Task item:
Nothing but the pictures should be dropped; repeat the rest of the data below exactly.

Dataset extract:
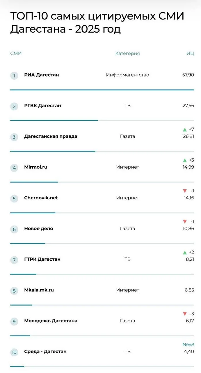 😎 РГВК Дагестан - в топ‑5 самых цитируемых СМИ республики
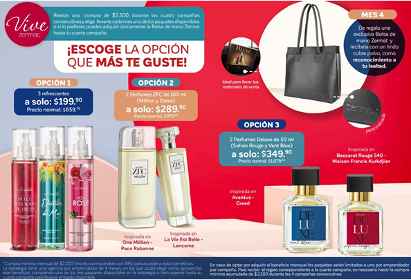 En Zermat tenemos grandes beneficios, entre ellos el programa Vive Zermat, en donde mes a mes durante tus 3 primeros meses podrás obtener un paquete de productos a precio espectacular y al 4to mes de ingreso recibir un regalo increíble, reconociendo de esta forma tu actividad en Zermat.
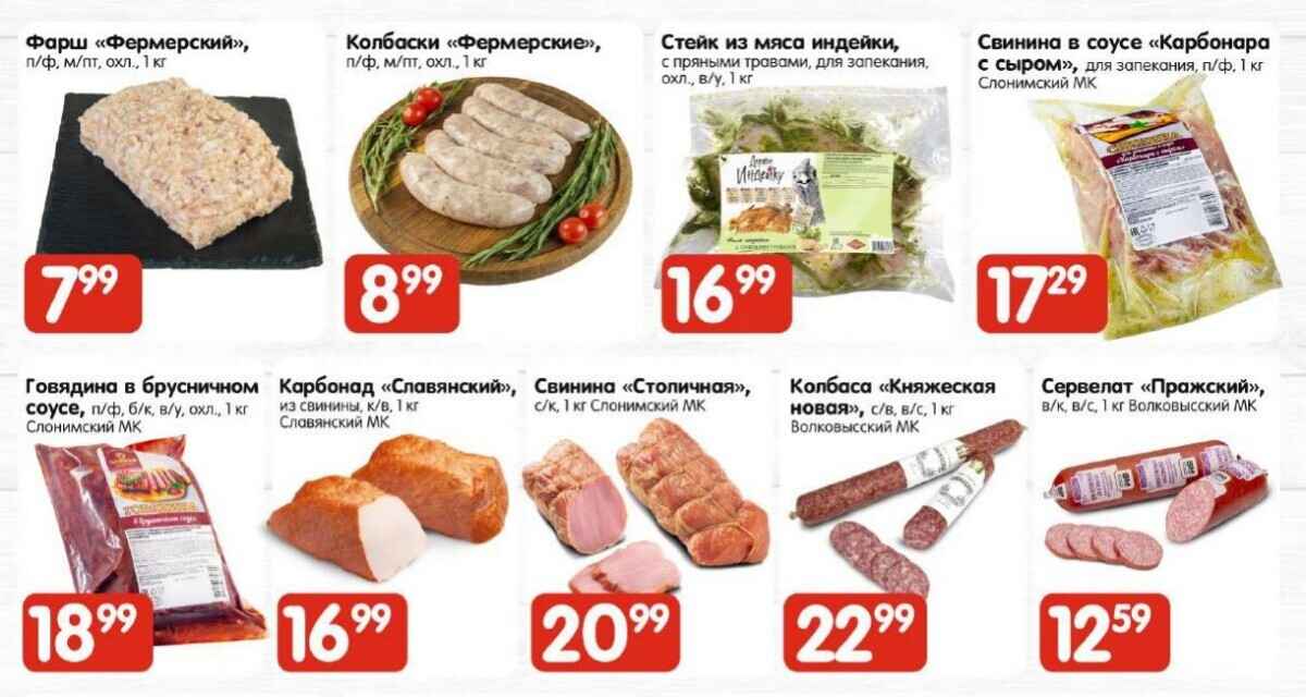- Колбаса вареная «Вязынка по-слуцки», высший сорт, 1 кг - 8,99 (-17%).
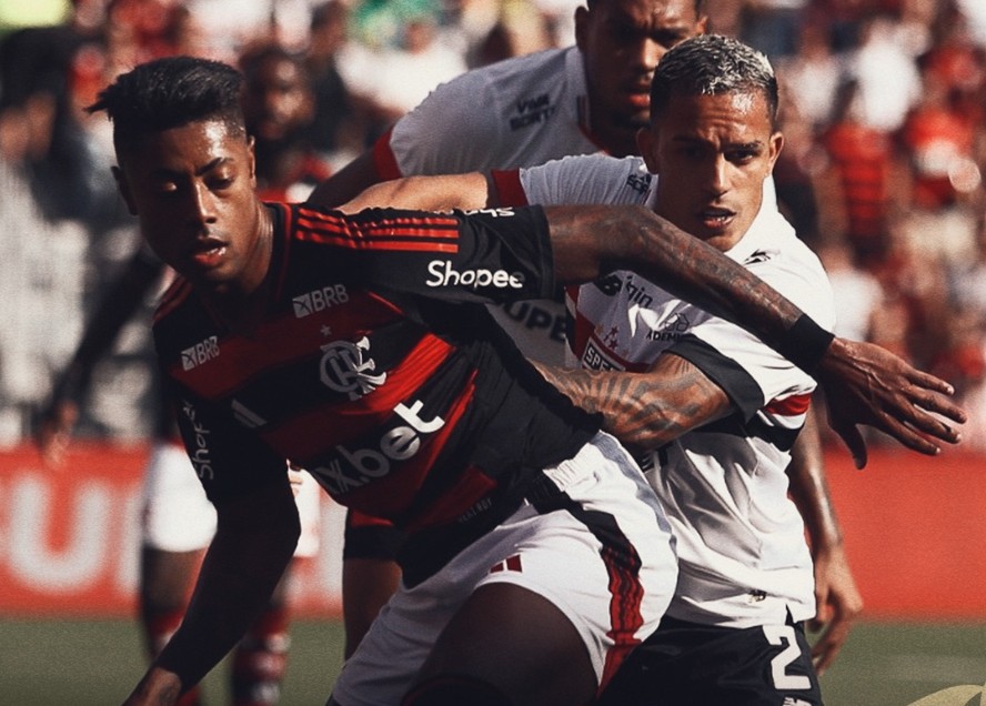 O São Paulo também assustou o Flamengo na segunda metade da primeira etapa. Calleri obrigou Rossi a fazer grande defesa em cabeçada que pareceu um tiro. Jandrei também fez outra grande defesa em cabeçada de Alcaraz.
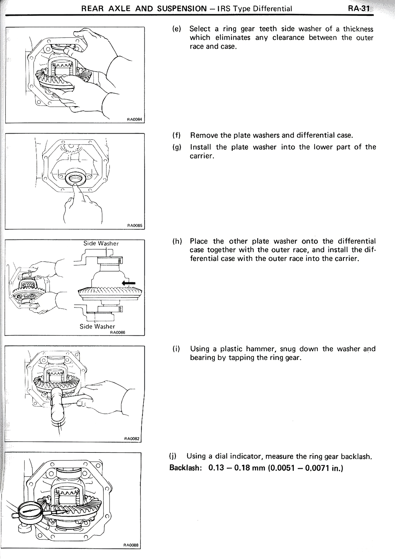 (e) Select a ring gear teeth side washer of a thickness which eliminates any clearance between the outer race and case.
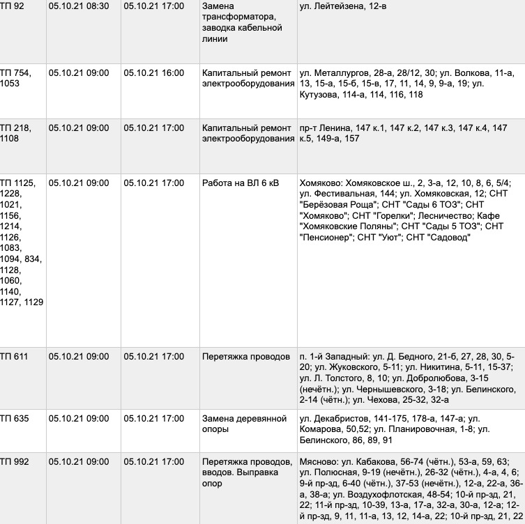 5 октября часть Тулы останется без света

Written solution:
 😎 РГВК Дагестан - в топ‑5 самых цитируемых СМИ республики
 En Zermat tenemos grandes beneficios, entre ellos el programa Vive Zermat, en donde mes a mes durante tus 3 primeros meses podrás obtener un paquete de productos a precio espectacular y al 4to mes de ingreso recibir un regalo increíble, reconociendo de esta forma tu actividad en Zermat.
- Колбаса вареная «Вязынка по-слуцки», высший сорт, 1 кг - 8,99 (-17%).
 O São Paulo também assustou o Flamengo na segunda metade da primeira etapa. Calleri obrigou Rossi a fazer grande defesa em cabeçada que pareceu um tiro. Jandrei também fez outra grande defesa em cabeçada de Alcaraz.
 (e) Select a ring gear teeth side washer of a thickness which eliminates any clearance between the outer race and case.
 5 октября часть Тулы останется без света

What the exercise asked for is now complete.